**Data shown:**
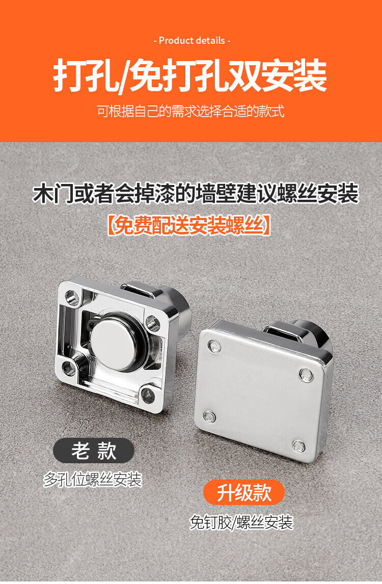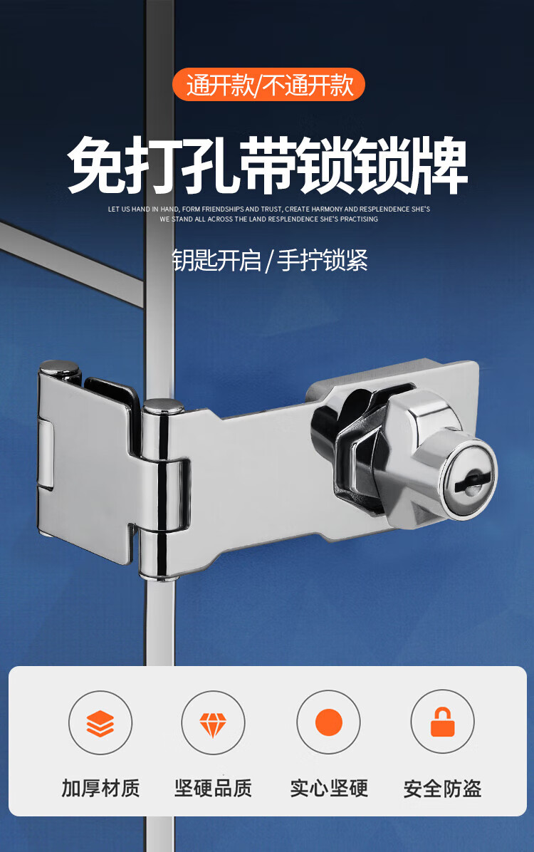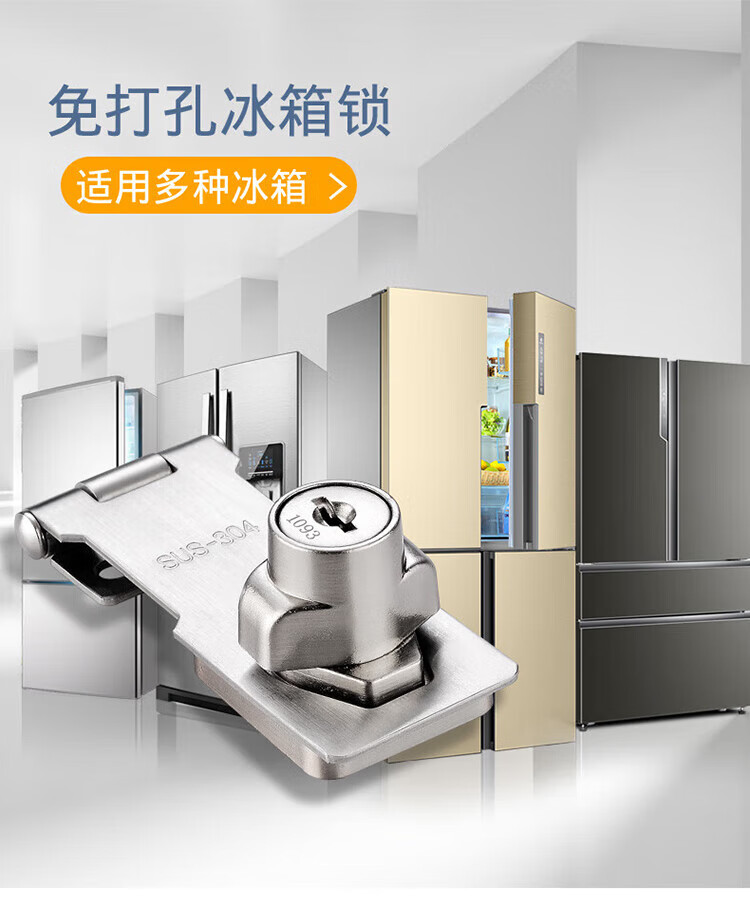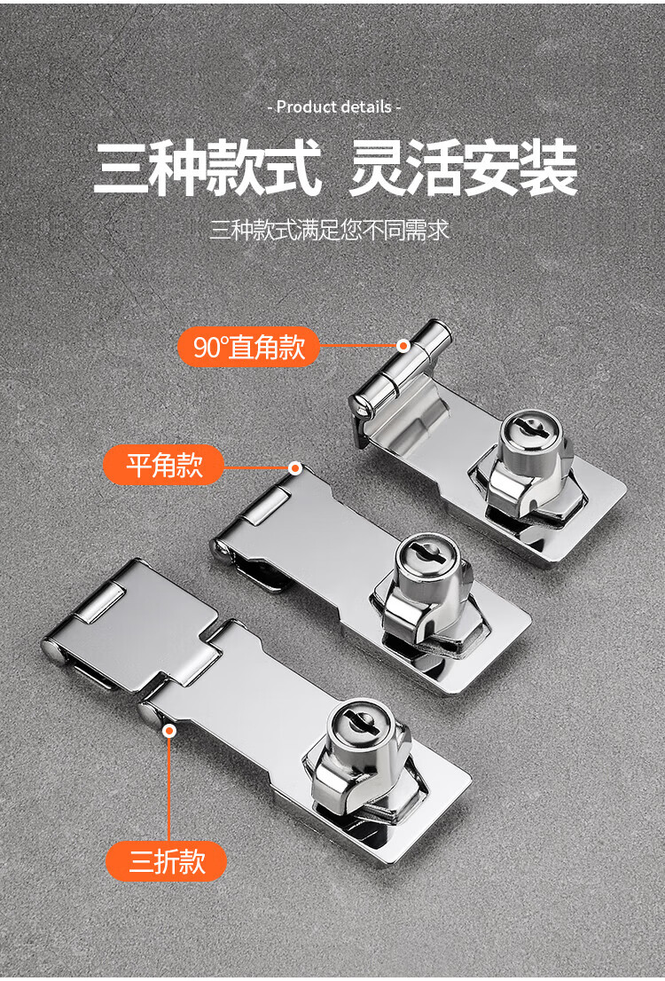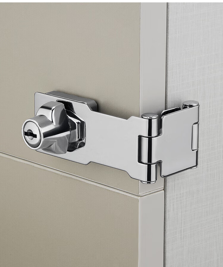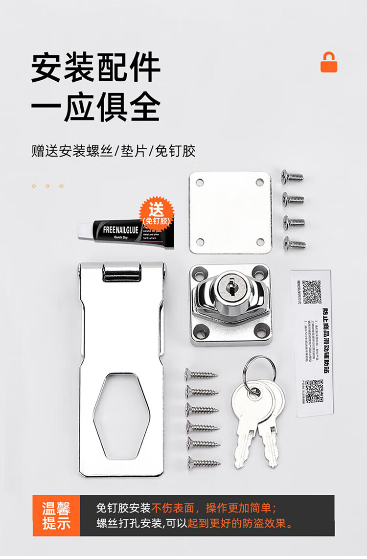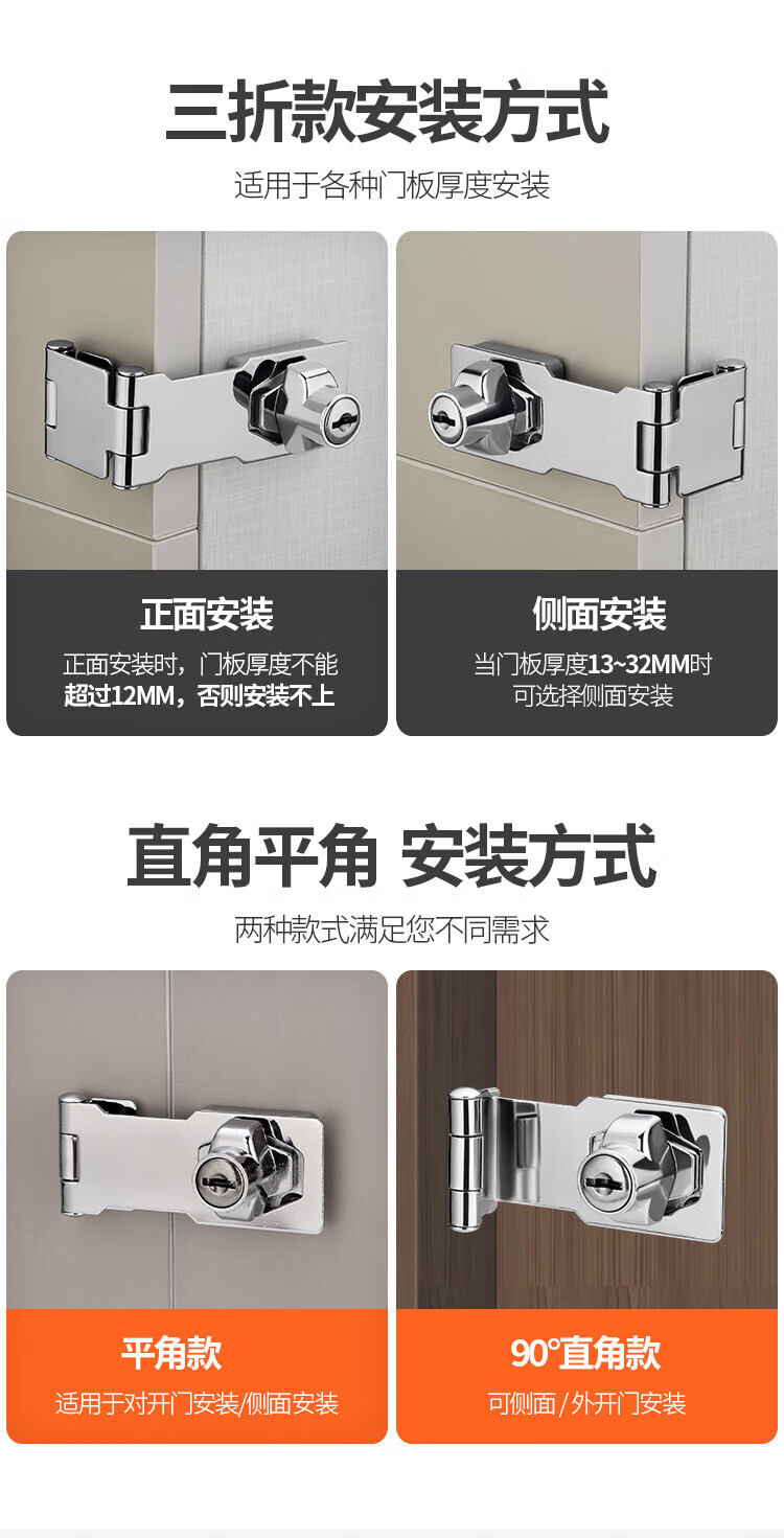 百蒂安抽屉锁冰箱锁免打孔锁扣柜子锁90度直角加厚保险栓搭扣锁牌柜门锁 三折亮光款(免钉2用) 通开
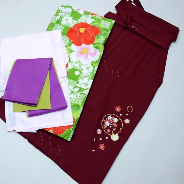 項目 | 着物袴フルセット(適合身長:135cm~143cm:ジュニア用へお仕立て直し致します。) ・二尺袖着物 ・二尺袖長襦袢(白地の半襟付き) ・重ね衿(着物についています) ・袴 ・袴下帯(リバーシブル両面使えます) |
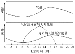 5、单选题 下图是我国某地一天内的气温日变化、地表的长波辐射能量和入射到地面的太阳能量日变化图,该日前后,开封的白昼在逐渐变短。读图回答下列问题。
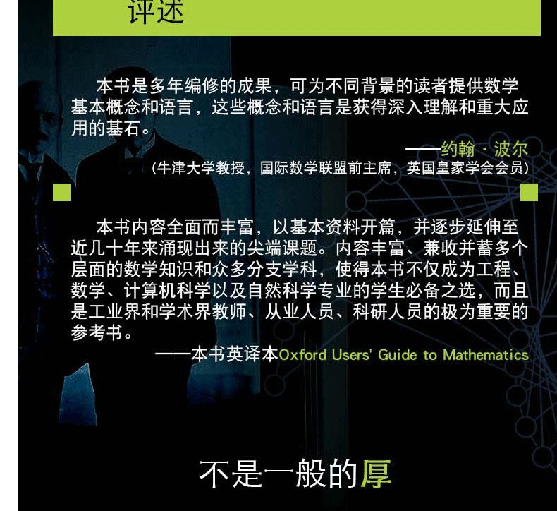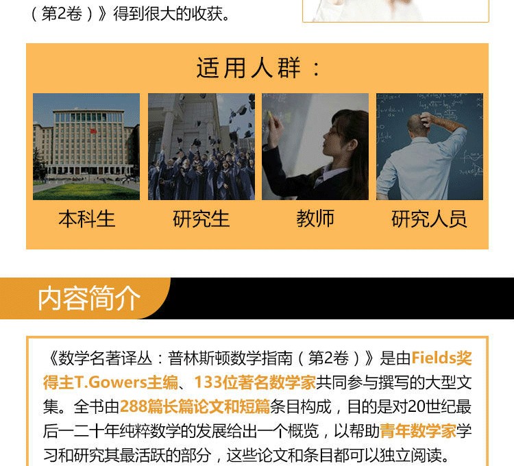 《數學名著譯叢:普林斯頓數學指南(第2卷)》內容生動鮮活,論文和條目都可以獨立閱讀,對於數學專業的師生以及對數學感興趣的讀者都不失為一本必不可少的經典讀物。
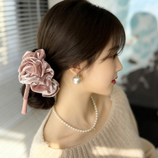 【氛围玫瑰发圈】韩国丝绒立体风格布艺抓夹大号后脑勺盘头绳秋冬
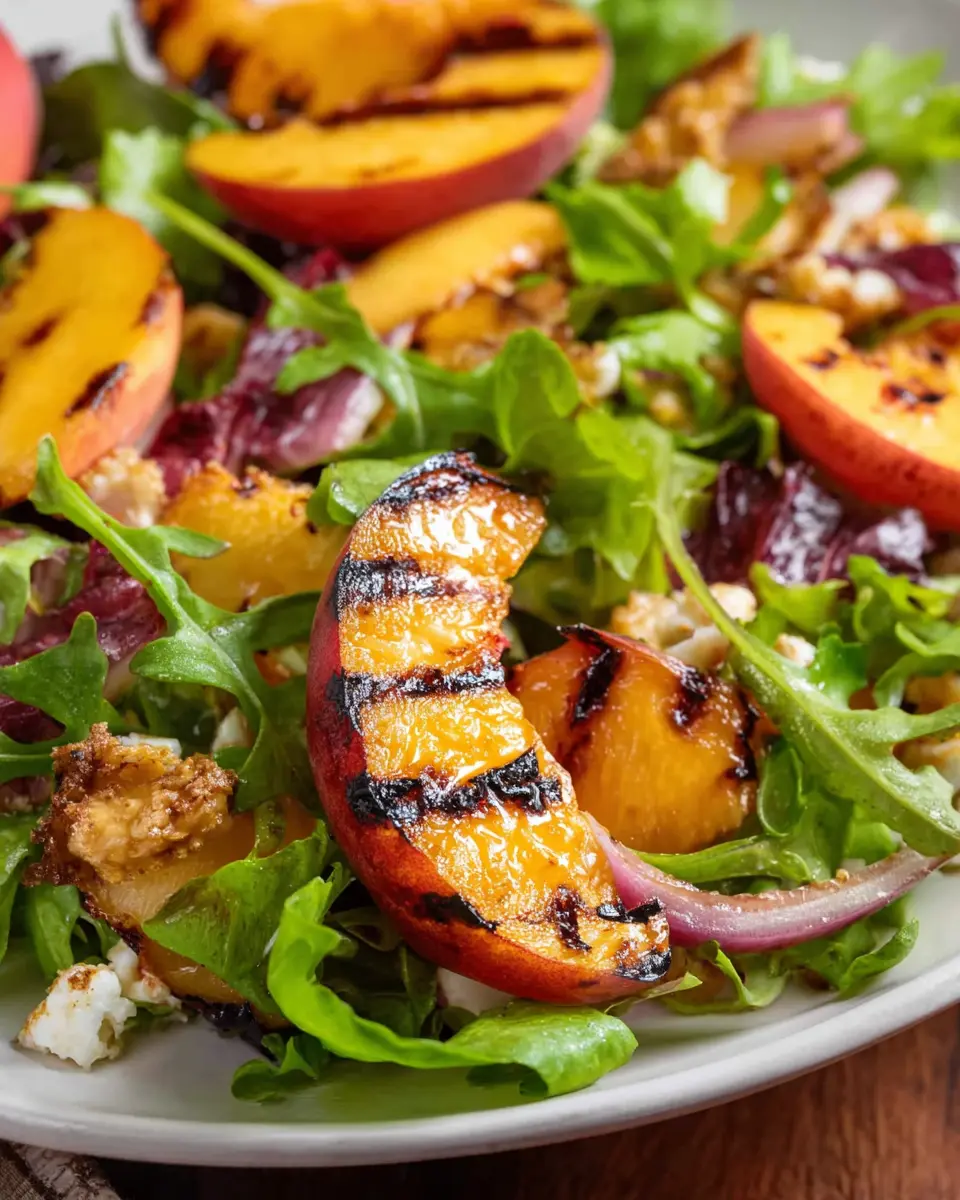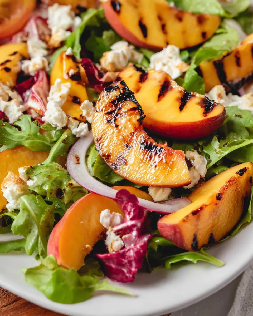For a stunning presentation, layer the ingredients in a clear glass bowl, showcasing the vibrant colors of grilled peaches, greens, and crumbled goat cheese. Drizzle the vinaigrette artfully on top just before serving to tantalize the taste buds. You could even garnish with a sprig of fresh basil or mint for that extra touch!

**Exercise brief:** Apart from the pictures, set down all the entries above exactly.

**Result of the exercise:**
 百蒂安抽屉锁冰箱锁免打孔锁扣柜子锁90度直角加厚保险栓搭扣锁牌柜门锁 三折亮光款(免钉2用) 通开
 項目 | 着物袴フルセット(適合身長:135cm~143cm:ジュニア用へお仕立て直し致します。) ・二尺袖着物 ・二尺袖長襦袢(白地の半襟付き) ・重ね衿(着物についています) ・袴 ・袴下帯(リバーシブル両面使えます) |
 5、单选题 下图是我国某地一天内的气温日变化、地表的长波辐射能量和入射到地面的太阳能量日变化图,该日前后,开封的白昼在逐渐变短。读图回答下列问题。
 《數學名著譯叢:普林斯頓數學指南(第2卷)》內容生動鮮活,論文和條目都可以獨立閱讀,對於數學專業的師生以及對數學感興趣的讀者都不失為一本必不可少的經典讀物。
 【氛围玫瑰发圈】韩国丝绒立体风格布艺抓夹大号后脑勺盘头绳秋冬
For a stunning presentation, layer the ingredients in a clear glass bowl, showcasing the vibrant colors of grilled peaches, greens, and crumbled goat cheese. Drizzle the vinaigrette artfully on top just before serving to tantalize the taste buds. You could even garnish with a sprig of fresh basil or mint for that extra touch!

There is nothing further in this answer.